Molecular Engineering of Direct Activated NIR-II Chemiluminescence Platform for In Vivo Chemiluminescence-fluorescence Duplex Imaging

Chemiluminescence (CL) is a self-illuminating phenomenon fueled by chemical energy instead of extra excited light, which features superiority in sensitivity, signal-to-background ratios, and imaging depth. Strategies to synthesize a CL emission unimolecular skeleton in the second near-infrared window (NIR-II) and a unimolecular probe with direct duplex NIR-II [CL/fluorescence (FL)] emission are lacking. Here, we employ modular synthesis routes to construct a series of directly activated NIR-II CL emission unimolecular probes with a maximum emission wavelength of up to 1060 nm, and use them for real-time and continuous detection of the superoxide anion generated in acetaminophen induced liver injury in a female mice model under both NIR-II CL and NIR-II FL imaging channels. Thus, this study establishes a directly activatable NIR-II CL emission unimolecular skeleton, validating the scalability of this duplex NIR-II CL/FL imaging platform in bioactive molecule detection and disease diagnosis. Strategies to synthesize a chemiluminescence (CL) emission unimolecular skeleton in the second near-infrared window (NIR-II) and a unimolecular probe with direct duplex NIR-II [CL/fluorescence (FL)] emission are lacking.

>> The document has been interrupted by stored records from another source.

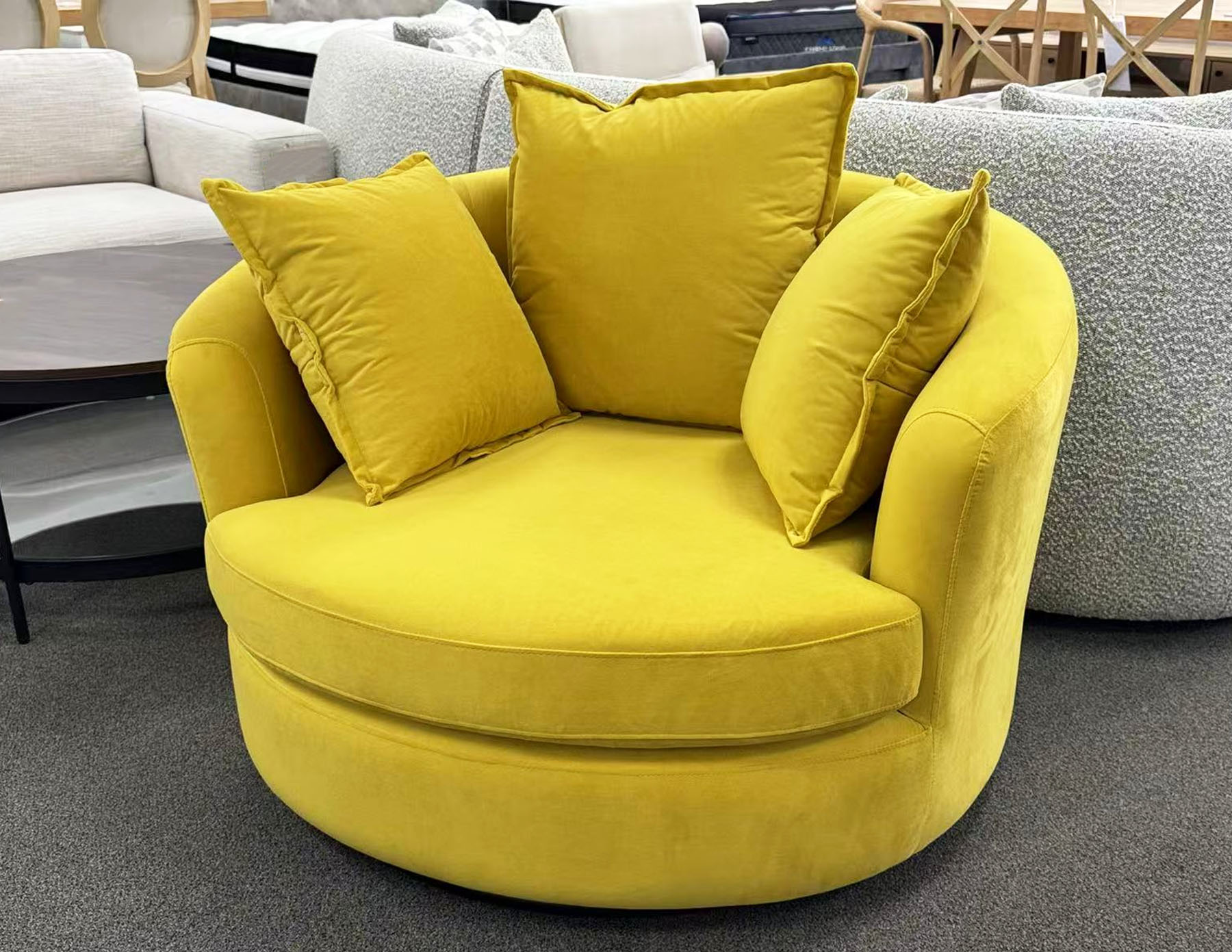 Wrap yourself in comfort with this ultra-cozy Swivel Cuddler Chair, designed to elevate both your relaxation and your room’s aesthetic. Featuring an effortlessly stylish rounded silhouette and a luxuriously soft-touch fabric, this chair is made for quiet reading sessions, snuggle time with your kids, or cozy moments with your pet.
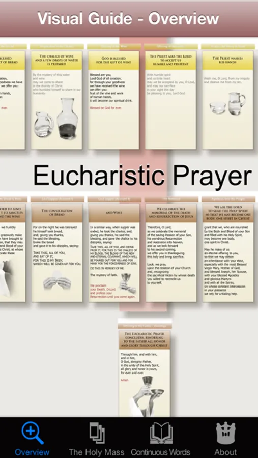 The Visual Guide To The Holy Mass (Visual Guide) is a graphical representation of the Order of Mass. As a catechetical tool, it complies with the Catechism of the Catholic Church 1346, 1347 and therefore, it is divided into two parts: the Liturgy of the Word and the Liturgy of the Eucharist, that form a fundamental unity. The Visual Guide's intention is to become a learning tool for families, so they may participate more fully in the Eucharist. Families share their faith and exchange learning experiences through interpersonal relationships and dialogue, often 'on the go'; in long car or train journeys, while walking, and during family outings. The founder of School and Family C.I.C., the initiator of this app, desires that The Visual Guide To The Holy Mass becomes the 'mobile' point of reference for families. The source and inspiration for this app is the work of Maria Montessori and Sofia Cavalletti.
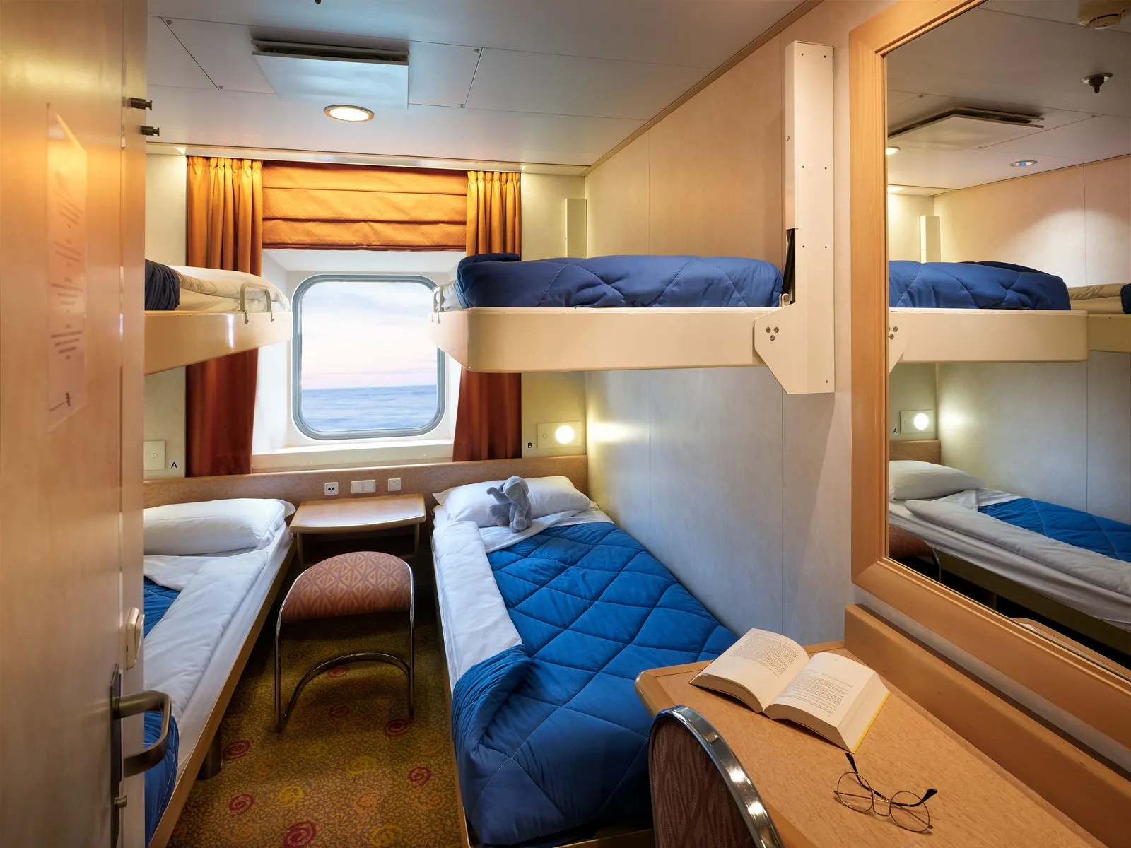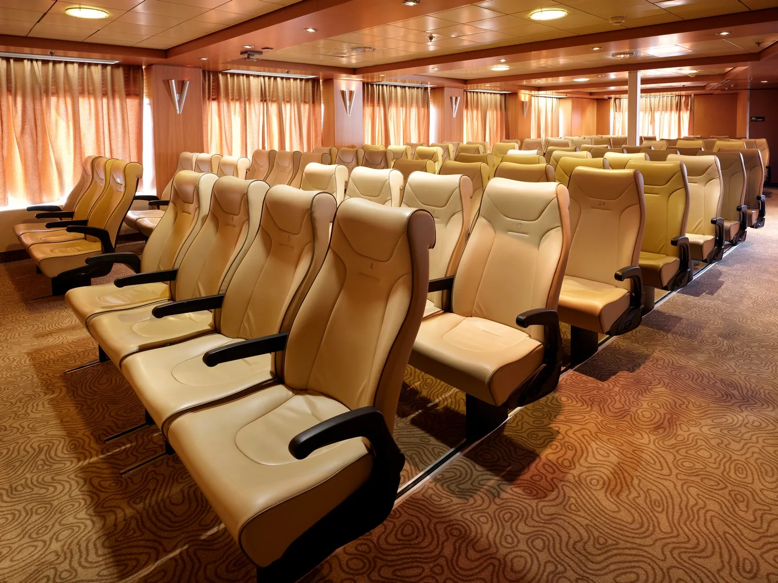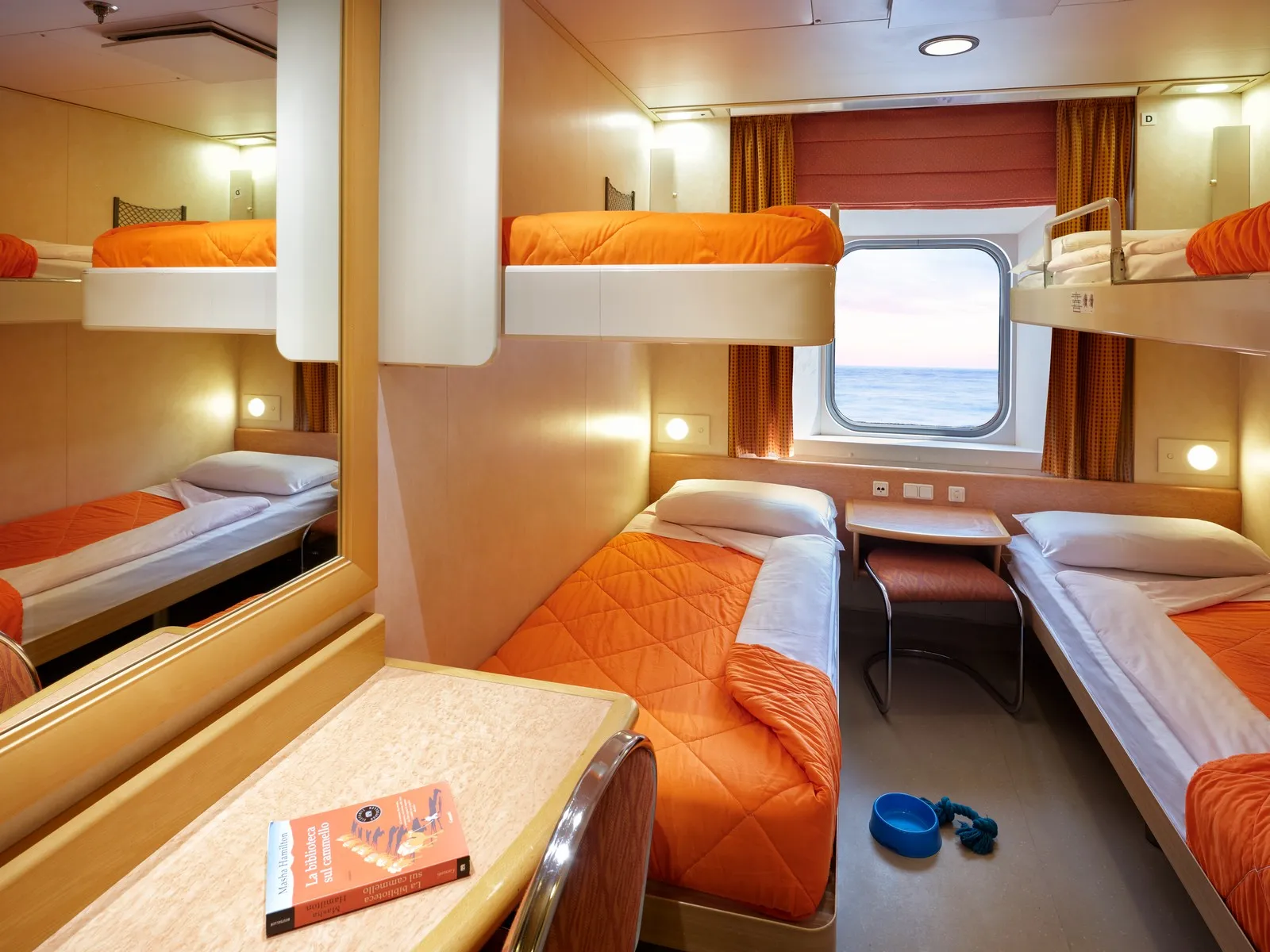 La nave offre varie opzioni di alloggio, dalle confortevoli cabine ai saloni con poltrone reclinabili, garantendo il comfort durante le traversate. Le aree comuni sono ampie e ben climatizzate, rendendo il viaggio piacevole e rilassante.

Here, the authors employ modular synthesis routes to construct a series of directly activated NIR-II CL emission unimolecular probes with a maximum emission wavelength of up to 1060 nm, and use them for real-time and continuous detection of the superoxide anion generated in acetaminophen induced liver injury under both NIR-II CL and NIRII FL imaging channels.